For the 250 years his descendents ruled the island. Under the Ptolemies the independent Cypriot kingdoms went and Cyprus was divided into four districts with military governors. It was the first time the island had been united and the first time it had been under direct imperial rule. In this peaceful time Cyprus prospered, in close contact with a city that was in its apex of commercial and cultural achievement: Alexandria. But another power was already growing in the Mediterranean: Rome.


In 58 BC the Romans already established in this province of Cicilia on the coast of Asia Minor, seized Cyprus as part of their plan to take over of the Hellenistic world. It later became a province of Rome, ruled by a military governor.

During the Roman occupation of the island, which was to last for 450 years (until the emergence of the Byzantine Empire) Cyprus made the most rapid advances in her history. The Roman engineers built roads and harbours, bridges and aqueducts. Roman architecture still exists today in the ruins of the palaces, temples and theatres; their art in sculpture and mosaics. Surrounded by the Roman territories of the Eastern Mediterranean Cyprus enjoyed a long period of peace and security, in which her trade and industry were able to develop unharassed by war or internal strife.

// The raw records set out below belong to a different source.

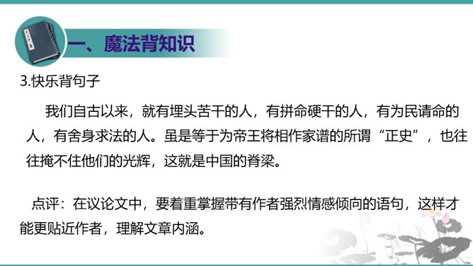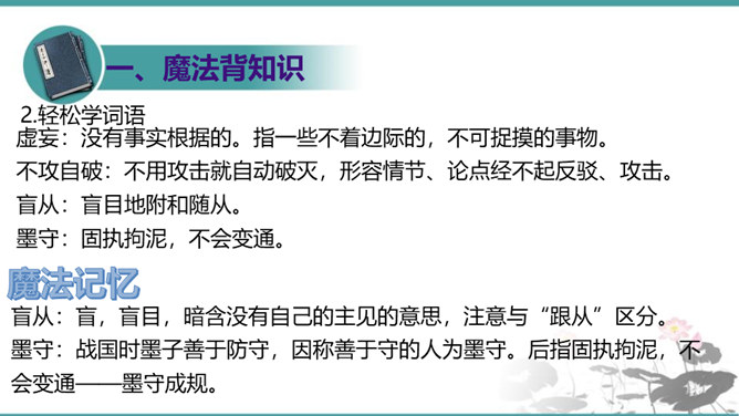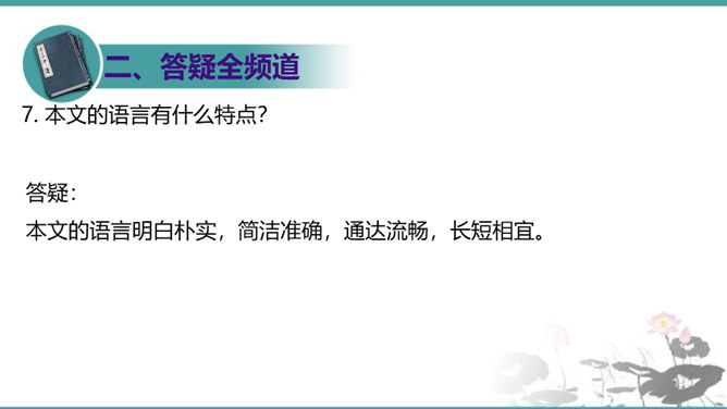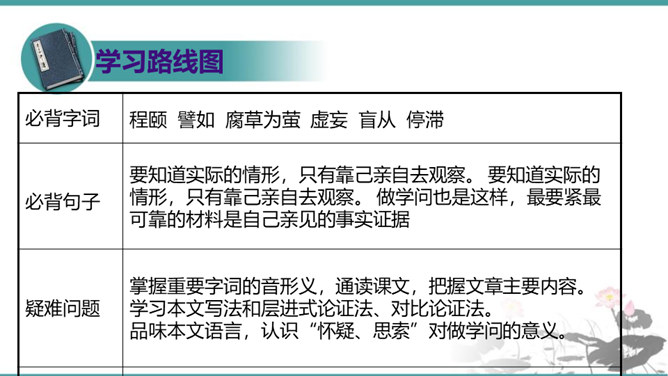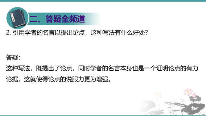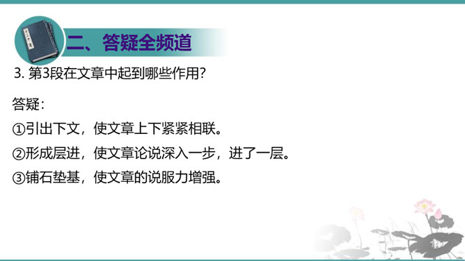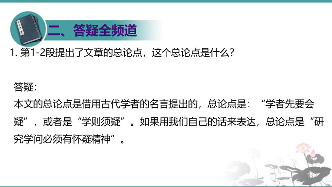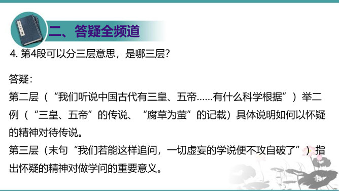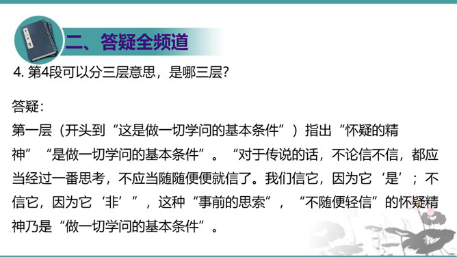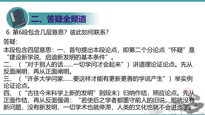 第6段包含几层意思?彼此如何联系?答疑:本段包含四层意思:一、首句提出本段论点,即第二个分论点“怀疑”是“建设新学说、启迪新发明的基本条件”。二、(“对于别人的话……一切学问才会起来”)讲道理论证论点。先从反面阐明,再从正面阐明。三、(“许多大学问家……要这样才能有更新更善的学说产生”)举实例论证论点。四、(“古往今来科学上新的发明”到段末)归纳作结,照应论点。先从正面作结,再从反面强调:“若使后之学者都墨守前人的旧说,那就没有新问题,没有新发明,一切学术也就停滞,人类的文化也就不会进步了。”所属专题:怀疑与学问ppt。
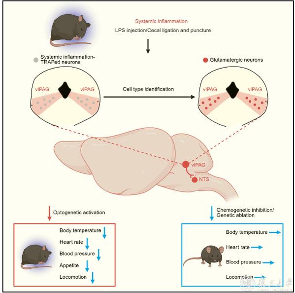 研究团队以脂多糖和盲肠结扎穿孔术诱导系统性炎症的小鼠模型为基础,运用TRAP标记、光遗传学激活、化学遗传学抑制、环路示踪及电生理记录等手段,证实在急性炎症期间,vlPAG的谷氨酸能神经元被显著激活,并通过向延髓NTS脑区投射,驱动低体温、心血管功能抑制以及活动减少的典型低代谢表型。进一步的功能实验表明,抑制这一通路的活动水平能有效缓解炎症导致的低代谢状态,而在非炎症状态下激活该环路则可重现低代谢症状。
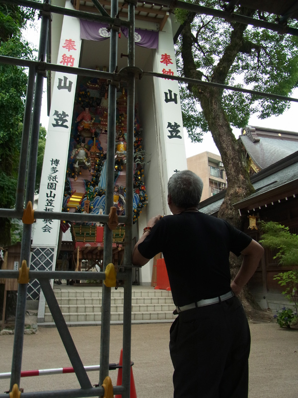 櫛田神社の飾り山は、(亀田さんが担当している)新天町の飾り山よりも大きいので、素山の大きさを確認しに来たとの事。
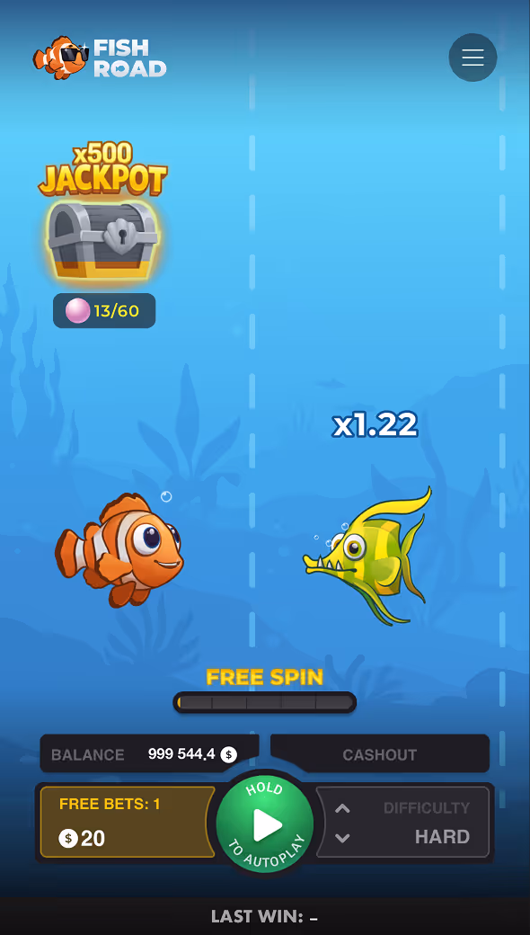[GAME_NAME] takes the ‘road crossing’ game from the streets and sends it underwater for a fresh, fishy experience! Unlike traditional crash games, you’ll be betting on steps across a fish highway instead of betting on a rising multiplier. You are in control of when to cashout or if you want to risk another step for bigger wins!

The most important event of the period was St Paul arriving on his first missionary journey (45AD). Accompanied by St Barnabas he travelled across the island from Salamis to Paphos, the Roman capital. Here he converted the proconsul Sergius Paulus to Christianity. On the way the Apostles created the island's first church: a cave in the mountains. This was the home of St Heracleidius, who showed the Apostles through the Troodos area. Heracleidius lived near Tamassos and was ordained by Paul as the island's fist bishop.

As Cyprus was St Paul's first stop it has developed a special meaning with the early Christian religion. The other important event was the matrydom of St Barnabas, a native of Cyprus. This laid the foundations for the independence of the Cypriot church. The missionary Saint was martyred by the Jews. There was a large number on the island, who had fled there to escape the persecution of the Romans in Palestine.

The rise of Christianity in Cyprus met with a lot of resistance by the Jews and in 117AD there was a terrible massacre in Salamis, where a vast majority of the Gentile population were killed. The Romans immediately deported all Jews from Cyprus. By 313 AD when Emperor Constantine officially recognised Christianity most of Cyprus had become Christian and was later represented by three bishops at the first Ecumenical council, held at Nicaea.

A further noteworthy event in the history of the Cypriot Church was the visit of the Empress Helena, mother of Constantine in 324 AD. The Empress returning to Rome after visiting Jerusalem, brought with her the remains of the True Cross, a fragment of which was to be preserved in the monastery founded by her on Stavrovouni. It was a symbol of a new faith, which now mainly united the Roman world that stretched from the Atlantic to the Euphrates. But in the end even Christianity could not prevent the break up of an empire that had become too big to govern itself effectively, or to withstand the barbarian pressure on its borders.